No son pocos los académicos que opinan que PISA no sirve para valorar la calidad real de la educación de un país porque, de hecho, es una competición trienal que no evalúa el conocimiento general de los estudiantes de cada sociedad, y menos aún la aplicación de saberes en función de los intereses de sus pueblos. Está muy bien evaluar niveles de inteligencia, pero no hay que olvidar que el mundo está lleno de personas con altos IQ pero nula conciencia social. Una honesta intención evaluativa, entonces, en países como el nuestro, forzosamente debería tener en cuenta estos aspectos y no nada más cuantificar coeficientes.
Los cuestionamientos a PISA son de índole diversa: unos apuntan al uso político que se les da a los resultados, que establecen rankings pero no aportan ideas educacionales innovadoras; otros subrayan la falta de matices en la formulación de preguntas que ignoran las tradiciones e historias de países tan diferentes; y otros más apuntan a que la comparación de resultados no sirve para determinar el impacto de las políticas educacionales en sociedades tan distintas, ni mucho menos ayudan a tomar decisiones puesto que los resultados de PISA son manipulados inmediatamente por intereses políticos y económicos, y, claro, por charlatanes.
Parece cada vez más necesario que al menos en nuestra América se inicie un camino hacia evaluaciones propias y de acuerdo a las características y necesidades de nuestros sistemas educativos, y teniendo en cuenta las peculiaridades de los desarrollos relativos de cada nación.

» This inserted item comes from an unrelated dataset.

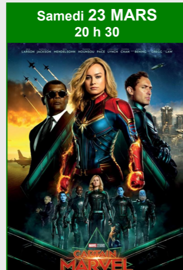
Samedi 23 MARS 20 h 30 Captain Marvel De Anna Boden, Ryan Fleck Durée : 2h12 Genres : Action, Fantastique

Un buen sistema de evaluación es necesario, sin dudas, y perfectamente se podría consensuar uno nuevo con los países hermanos de por lo menos la Unasur. Y no con espíritu competitivo sino integrador de las mejores políticas educacionales de cada país. Lo que desde luego ayudaría a mejorar –ésa evaluación sí– la calidad educativa de la región.
Puede que esto parezca todavía algo utópico, si se recuerda que aquí tiene mucha más prensa una cena que recolecta 150 millones de pesos para un candidato, y tiene mucho más poder el perverso sistema de dirigentes, policías y jueces que dan protección mafiosa a los barrabravas que han echado a perder al fútbol argentino. Pero cuando se escucha a cualquier improvisado perorar sobre la “mala calidad educativa” con tal de pegarle al gobierno K (que más allá de errores es el que más ha hecho por recuperar la educación pública después de dos décadas desastrosas), se impone recordar que el desastre educacional argentino se lo debemos al autoritarismo y la censura de la dictadura primero, y a la Ley Federal de Educación menemista de 1992 después. Ese, que ahora amenaza retornar por vía electoral, es el sistema todavía imperante, abstruso y falsamente federal porque en él disputan intereses 24 ministerios de educación y decenas de organizaciones gremiales.
De ahí que resulte tan curioso el hecho de que, al menos en este país, PISA sigue siendo aceptado como modelo de parangón, no sólo por oportunistas opositores sino también, y sorprendemente, por el gobierno nacional.